Diners are best known for two things: Having literally anything you want, from grilled cheese to fried haddock, on their menu; and for offering a “blue plate special," which promises some kind of tempting entrée for a great price.
But what makes a pile of diner food blue-plate worthy? And what exactly is “blue plate” supposed to mean?
According to CulinaryLore, the origins of the phrase might date to 1892, when diner proprietor Fred Harvey was serving up quick and cheap meals to railroad travelers at his Harvey House chain. Harvey’s “blue plate” was a disposable plate that had divided sections: pretty much anything piled on it was a “blue plate special.”

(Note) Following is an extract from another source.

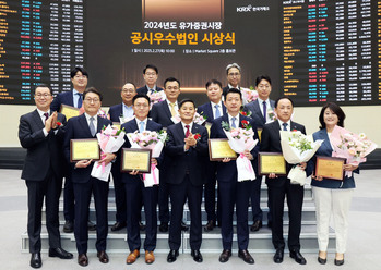 한국거래소는 서울 여의도 사옥에서 ‘2024년도 유가증권시장 공시 우수법인·공시 우수위원’을 선정하고 시상했다고 27일 밝혔다.거래소는 지난해 공시실적 등을 기초로 1차 정량평가, 2차 정성평가를 통해 공시 우수법인 8사와 영문공시 우수법인 3사를 선정했다. 또한 공시
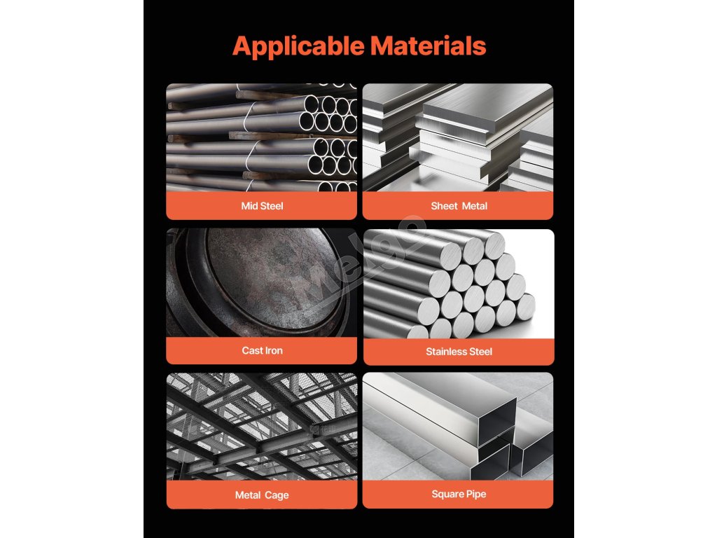 Je kompatibilná s rôznymi materiálmi vrátane mäkkej ocele, nehrdzavejúcej ocele, liatiny, plechu, štvorcových rúrok a kovovej klietky.

How could a railroad chain influence an entire industry? Simple. Harvey’s locations were renowned for their quality, cleanliness, and convenience at a time when a lot of roadside eateries or railroad stops were anything but. (Restaurant owners along travel routes, realizing travelers were just passing through, weren’t concerned about food quality, as customers rarely came back.)
Another possible source of the term could stem from porcelain plates made with a Blue Willow pattern that were used on railroad dining cars. In either case, “blue plate” was associated with good food, cheap food, or a combination of both.
Today’s diners don’t necessarily serve specials on blue plates but still continue to use the phrase because it suggests you're getting a meal deal. The only caveat? Blue plate specials typically aren’t customizable.